Here’s how we can initialize HMC with one of Pathfinder’s draws:
julia> init_params = x[:, 1]
17-element Vector{Float64}:
6.998486124852993
6.986700192730891
1.4082625428667448
0.10231177412323632
0.005335621912656097
0.5495912273365953
0.5167593488513013
2.053001567025573
0.009057902929811885
0.5148513860880671
8.70228440525855
143.191360543694
3.9529928098708353
0.5010519633309503
0.20838145500524408
6.390633180968371
99.99992890794998
julia> chns = sample(MersenneTwister(92), combo1_model, NUTS(0.65), 1_000; init_params)

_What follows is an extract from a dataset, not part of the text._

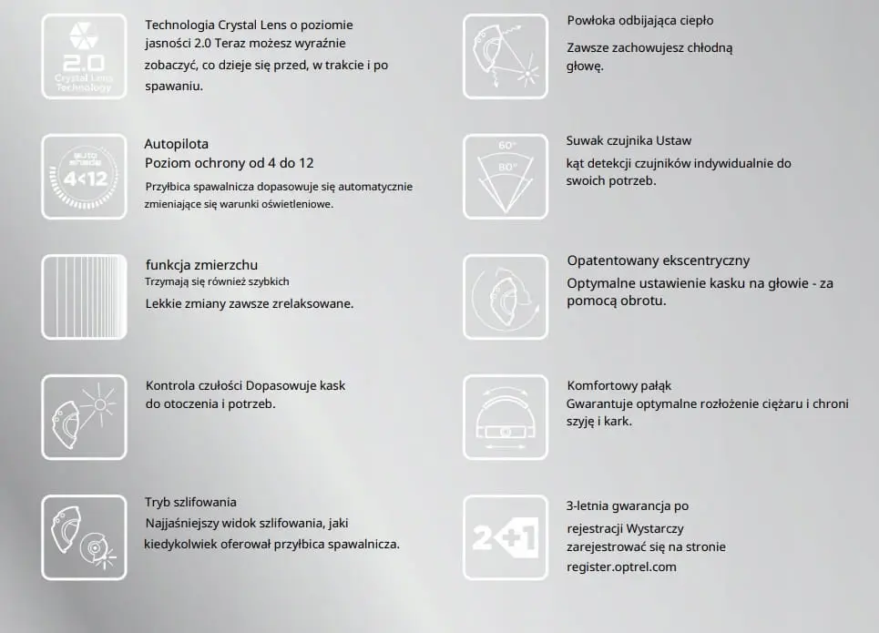 - Autopilot-Funktion – Dank eines zusätzlichen Sensors passt der Helm automatisch den Verdunkelungsgrad an die äußeren Bedingungen im breiten Bereich von 4-12 DIN an und ermöglicht zusätzlich eine manuelle Einstellung von ± 2.

I haven’t let this sample to completion (looks like it would take about half a day), but after warm-up, I’m getting no more numerical error. I did run from a different initialization last night and the resulting samples had not converged after 1000 draws (R-hat values were far from 1) and the transitions saturated the NUTS tree depth of 10, which indicates that it never U-turns, i.e. after an HMC transition of 1024 steps, the final point has not crossed the posterior (what NUTS is adapted to do). This usually indicates that the posterior geometry will be hard for HMC to sample, e.g. some parameters are highly correlated or the log density is heavy-tailed or “bumpy” without clear modes.
So in short, my advice at this stage is 1) think about whether the chosen likelihood with variances of 0 makes sense and 2) check the model by fitting it to data simulated from the same prior and likelihood.